The ratio of `pH` of solution `(1)` containing 1 mole of` CH_(3)COONa` and 1 mole of `HCl` and solution `(II)` containing 1 mole of `CH_(3)COONa` and 1 mole of acetic acid in one litre is `:`

Case I. Calculation of pH of solution sontaining 1 mole of `CH_(3)CO ONa +1` mole of HCl per litre
`{:(,CH_(3)CO ON a ,+,HCl,rarr,CH_(3)CO OH,+,NaCl ),("Initial moles",1 "mole",,1 "mole",,0,,0),("Moles after reaction ",0,,0,,1,,1):}`
i.e., `[CH_(3)CO OH ] = 1 "mol" L^(-1)`
`{:(,CH_(3)CO OH ,hArr,CH_(3)CO O^(-),+,H^(+),,),("Initial conc.",C "mol" L^(-1),,,,,,),("After dissociation",C - C alpha,,C alpha,,C alpha ,,):}`
`:. [H^(+)]=C alpha . "But" alpha = sqrt((K_(a))/(C))`
`:. [H^(+)]=C sqrt((K_(a))/(C))=sqrt(K_(a)C)=sqrt(K_(a))=K_(a)^(1//2)` (`:' C = 1 "mol" L^(-1)`)

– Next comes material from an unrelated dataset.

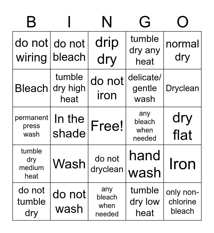This bingo card has a free space and 24 words: Wash, do not wash, do not iron, do not tumble dry, normal dry, do not wiring, Bleach, do not bleach, any bleach when needed, do not dryclean, delicate/ gentle wash, permanent press wash, hand wash, Iron, tumble dry high heat, tumble dry low heat, dry flat, drip dry, Dryclean, In the shade, only non-chlorine bleach, tumble dry medium heat, tumble dry any heat and any bleach when needed.

`:. - log [H^(+)]= - (1)/(2) log K_(a), i.e., (pH)_(1) = - (1)/(2) log K_(a) " " ...(i)`
Case II. Calculation of pH of solution containing 1 mole of `CH_(3)CO ONa + 1 ` mole of `CH_(3)CO OH` per litre
Applying Henderson equation, `(pH)_(2)=pK_(a) + log .(["Salt"])/(["Acid"]) = pK_(a) = - log K_(a) `...(ii)
[[Salt]=[Acid]=1 mol `L^(-1)`]
From equations (i) and (ii), `(pH)_(1)//(pH)_(2)=1//2`.